How we find hope is as important as hope itself. How we find hope is how we find our resilience – be it from a reality that breeds hope or hope born out of strife with reality. And when we find hope, we put our relief in little containers called words and mark them with aristocratic labels like Panacea, Nostrum, Elixir, Theriac, Catholicon – the ‘cure-all’ for all our woes and afflictions! Whatever makes us hopeful also simplifies our existence for us. Finding simplicity in the muck and mire is about as close as we are ever going to get with the sacred.
Pablo Neruda’s friend, Maru Mori once knitted a pair of socks herself and gifted them to him. He immortalized its value in ‘Ode to my socks’ ending it with “The moral of my ode is this: beauty is twice beauty and what is good is doubly good, when it is a matter of two socks made of wool in winter.” John Koenig in Dictionary of Obscure Sorrows – a compendium of invented words for emotions we all feel but have no names for- picked up on ‘Maru Mori’ and defined it as ‘the heartbreaking simplicity of ordinary things’ –
“Most living things don’t need to remind themselves that life is precious. They simply pass the time. An old cat can sit in the window of a bookstore, whiling away the hours as people wander through. Blinking calmly, breathing in and out, idly watching a van being unloaded across the street, without thinking too much about anything. And that’s alright. It’s not such a bad way to live.

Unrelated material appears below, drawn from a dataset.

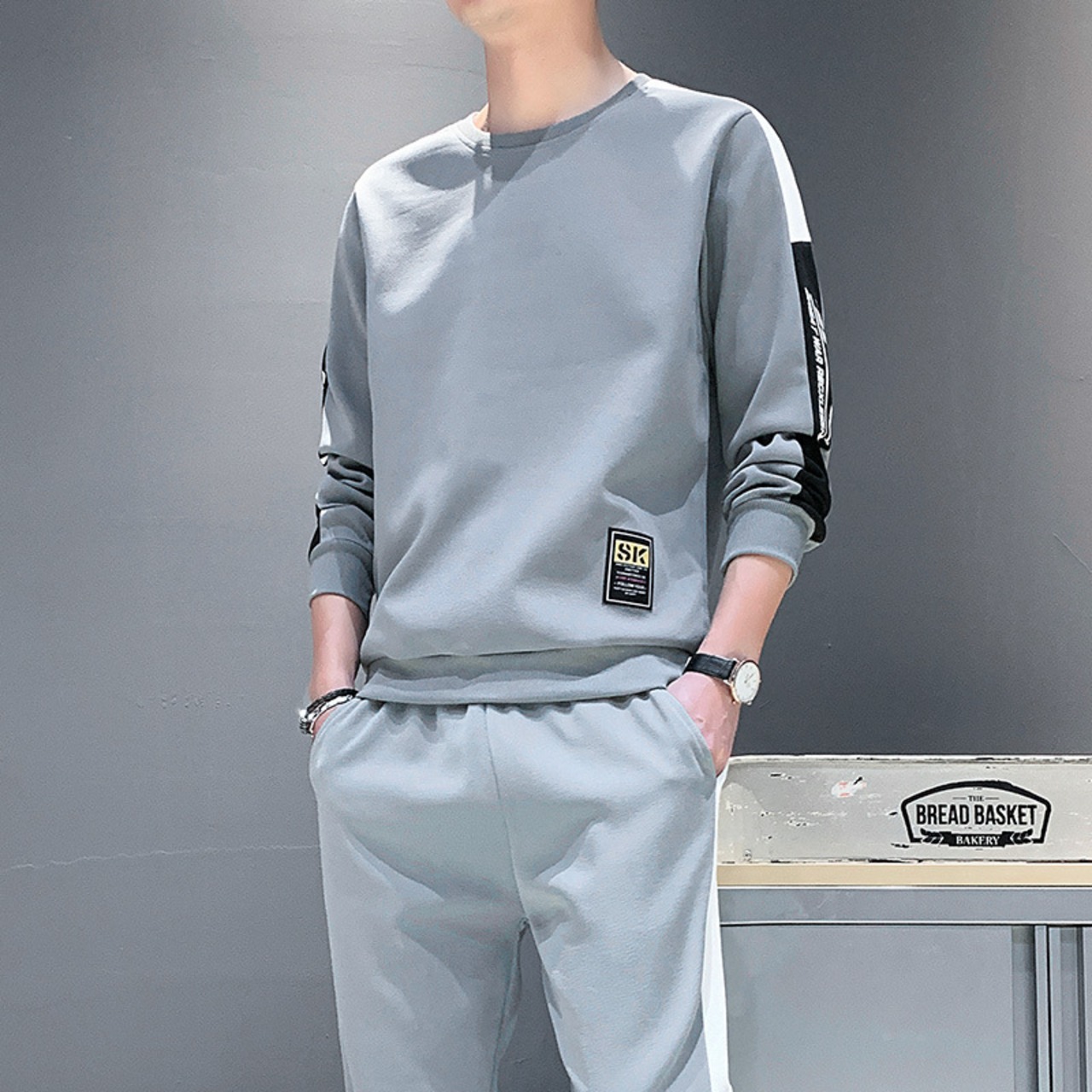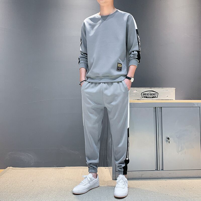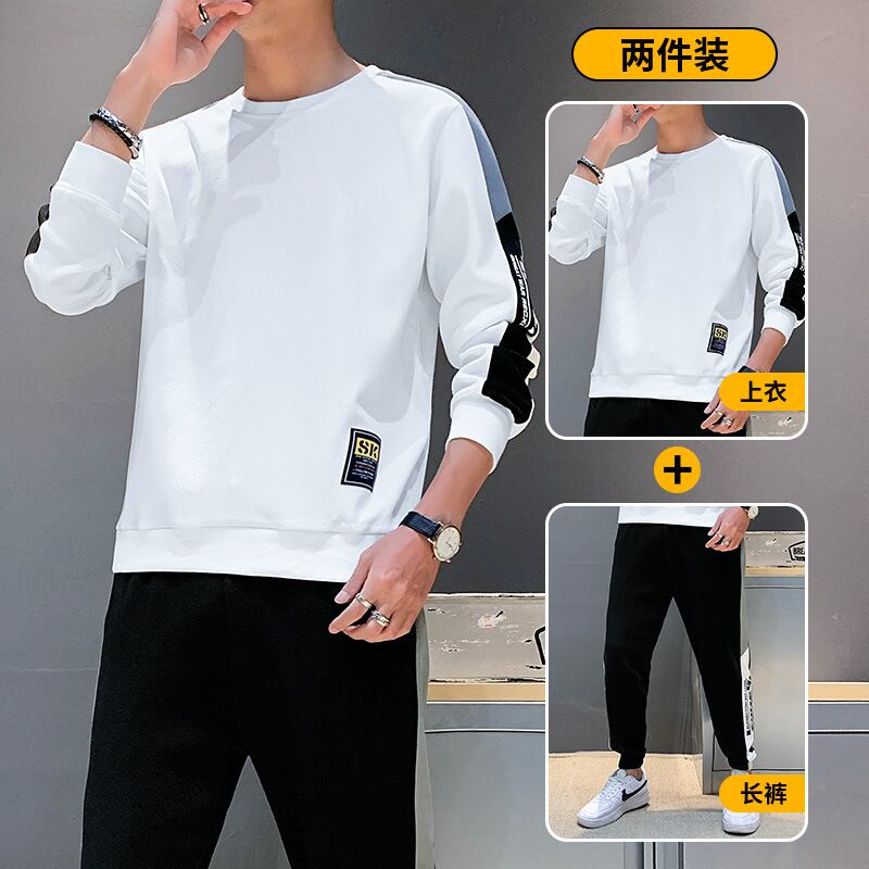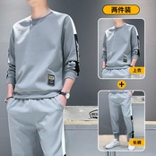 Tシャツパーカーロングパンツ春秋新作メンズスポーツ&レジャースーツユースプルオーバーラウンドネックロングスリーブツーピースセット 833

So much of life is spent this way, in ordinary time. There’s no grand struggle, no sacraments, no epiphanies. Just simple domesticity, captured in little images, here and there. All the cheap little objects. The jittering rattle of an oscillating fan; a pair of toothbrushes waiting in a cup by the sink. There’s the ragged squeal of an old screen door, the dry electronic screech of a receipt being printed, the ambient roar of someone showering upstairs. And the feeling of pulling on a pair of wool socks on a winter morning and peeling them off at the end of the day. These are sensations that pass without a second thought. So much of it is barely worth noting.

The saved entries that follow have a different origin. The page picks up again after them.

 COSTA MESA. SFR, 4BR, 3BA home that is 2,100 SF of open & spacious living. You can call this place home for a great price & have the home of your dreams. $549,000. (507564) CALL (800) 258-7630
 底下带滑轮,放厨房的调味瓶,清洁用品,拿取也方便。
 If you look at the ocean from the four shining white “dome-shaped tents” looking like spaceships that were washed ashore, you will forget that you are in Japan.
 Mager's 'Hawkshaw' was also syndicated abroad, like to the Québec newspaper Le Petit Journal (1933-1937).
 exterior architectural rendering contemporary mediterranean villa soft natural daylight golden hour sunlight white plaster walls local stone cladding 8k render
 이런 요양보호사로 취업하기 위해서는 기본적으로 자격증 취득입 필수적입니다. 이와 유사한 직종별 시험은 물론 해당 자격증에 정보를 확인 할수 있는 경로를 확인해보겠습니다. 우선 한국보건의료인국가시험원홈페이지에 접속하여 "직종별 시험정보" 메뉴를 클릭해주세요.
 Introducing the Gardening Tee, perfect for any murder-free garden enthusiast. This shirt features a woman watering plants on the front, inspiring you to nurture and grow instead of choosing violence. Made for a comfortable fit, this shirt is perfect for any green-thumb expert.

But it all still happened. All those cheap and disposable experiences are no less real than anything in our history books, no less sacred than anything in our hymnals. Perhaps we should try keeping our eyes open while we pray, and look for the meaning hidden in the things right in front of us: in the sound of Tic Tacs rattling in a box, the throbbing ache of hiccups, and the punky smell that lingers on your hands after doing the dishes. Each is itself a kind of meditation, a reminder of what is real.

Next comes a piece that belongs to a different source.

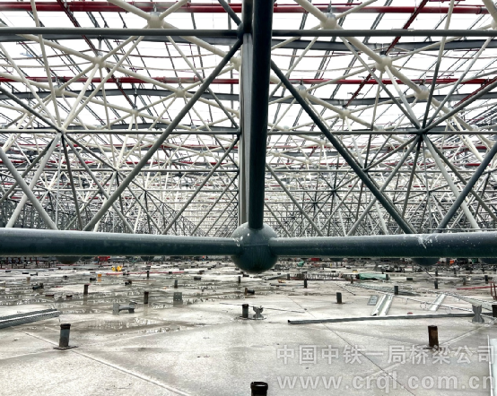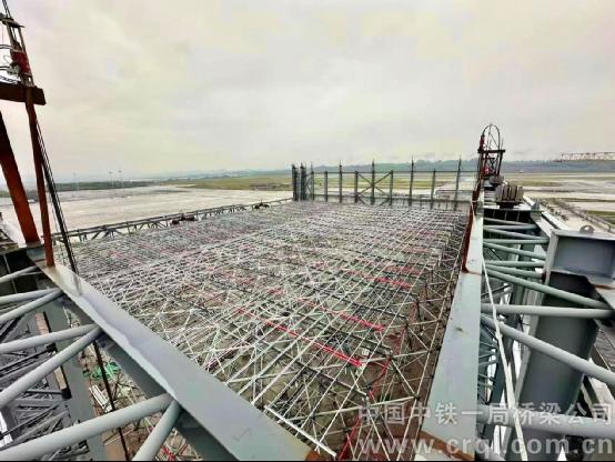 维修机库飞机维修大厅屋盖结构采用三层斜放四角锥钢网架,机库大门处屋盖采用焊接箱型截面钢桁架,跨度119米,进深93米,采用“三边支撑、临机坪侧开敞”设计,形成超过1万平方米的中间无柱大空间。此类大跨度钢网架施工在中铁一局的建设中较为罕见,网架安装采用整体提升施工方案,总提升重量超过1800吨。该项目的成功实施,为中铁一局后续承接超大吨位、大跨度钢网架工程提供了重要实践依据,也将有力推动中铁一局在超大吨位、大跨度钢网架整体提升施工技术方面的持续发展。

We need these silly little things to fill out our lives, even if they don’t mean all that much. If only to remind us that the stakes were never all that high in the first place. It’s not always life-and-death. Sometimes it’s just life —and that’s alright”.
Manufactured hopes, manufactured words, manufactured poetry…….
Sometimes we get the feeling that we are quite simply manufacturing the flavors and aromas in our head. It’s a strange feeling of relief and responsibility – a part feels relief and satiation in their existence and a part that’s reluctant to explore what the other possibility might reveal. How else is it possible that the same teas have different things to say to different people? Then we get a partial answer – What if we unconsciously possess the ability to coalesce all our complicated experiences and meanings into an involuntary simplicity and that simplicity allows us to participate and manufacture what we observe. And tea, quite simply could be a catalyst that brings it about. Maybe we do manufacture the flavors and aromas! Maybe we’re allowed to! Now, while we wouldn’t go voicing that thought in logical company, it’s not so bad to walk around feeling a touch of the mystical, finding things capable of drawing out our participation, that quite simply we observe and ‘manufacture’ as we go along.
White teas are manufactured with ‘simplicity’, though manufactured also includes the mystical and simplicity includes its heartbreak in this context! You will experience it – with the much desired Green-notes discarded and the woodiness intentionally set at bay, with the hair still unscathed and hide still unbruised, even by the best of intentions – in the tranquil but spirited white Panacea from the TV1 cultivar. Thick in brew and almond yellow in its faint hue, its spirit most experienced in aftertaste, it is vaguely reminiscent of the Summer Caesura – TV1 White. The “cure-all” Panacea moniker comes from the first reception of Honey and Herbs in a floral swell – “smells like relief and hope!” The fruity aroma of green apples or apple peels succumb quickly to the more flowery aromas of Frangipani or Champa. The taste is Sweet – Honey and Vanilla that lasts well into the aftertaste.
Harvested along with the Spring Muse with two leaves and a bud and made at the same time, it is quite different in its feel – like it has a happy personality with a heavy soul – with “Quite a lot to narrate if you ask us, better people.”
Reviews
There are no reviews yet.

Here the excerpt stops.